Barry and I would buy gifts for the police Christmas party where gifts are given to needy families. I would make bags filled with the necessities of life and deliver it to the women at the Refuge centre. But not this year. Without Barry there to shake his head in despair at my efforts, I have lost my mojo. He would always laugh that he would be just as surprised as the kids when they opened their gifts because he had no clue what was inside the packages. In his last few years of life, he did try to get involved and we made things together. Things that hopefully, the kids would treasure through the years. The loneliness after Barry's death has been life-altering for me.
I was reading an article about loneliness and its effect on people. Brigham Young University did a study on the correlation between loneliness and mortality. Yes, it does actually have an effect; it is similar to smoking 30 cigarettes a day. You develop greater levels of anxiety and low self-esteem. And yes, that is me.

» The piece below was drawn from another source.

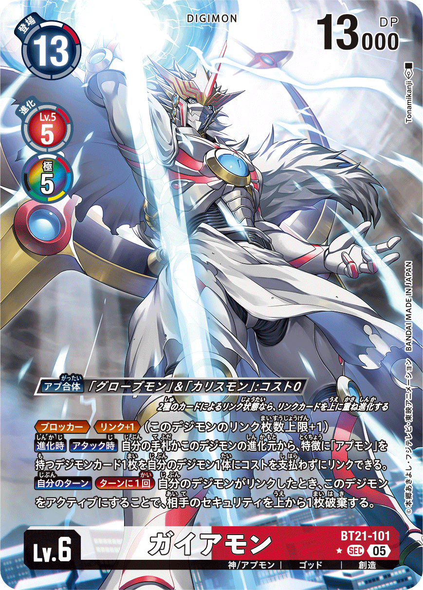 Lv.6 ガイアモン BT21-101 SEC 神/アプモン | ゴッド | 創造 ≪ブロッカー≫≪リンク+1≫(このデジモンのリンク枚数上限+1) 【進化時】【アタック時】自分の手札かこのデジモンの進化元から、特徴に「アプモン」を持つデジモンカード1枚を自分のデジモン1体にコストを支払わずにリンクできる。 【自分のターン】[ターンに1回]自分のデジモンがリンクしたとき、このデジモンをアクティブにすることで、相手のセキュリティを上から1枚破棄する。 ---

I often think that people and family only put up with me because I was connected to Barry. I think, 'what an awful person I am, no one wants to spend time with me.' And yes, it might not be true, but that doesn't help at all. I would reach for the phone to talk to someone and then think, 'They have a life and they don't need me and my sadness messing up their day.' Negative self-image and critical self-talk ... Yes, I know all the psychological phrases and jargon.
Covid did nothing to help at all. Suddenly I was all alone and there was literally no one to care if I got out of bed each morning or not. I could slouch around for days in the same old clothes, and it didn't matter. Smelly Pat to the fore... except that I hate being smelly. In England, they have a Minister for Loneliness. They discovered that one pound spent on tackling loneliness equalled to two to three pounds in medical savings. So, what do I want for Christmas this year? Do I want someone to knock on my door and force me to go to Bingo? No.................. save me from things like that.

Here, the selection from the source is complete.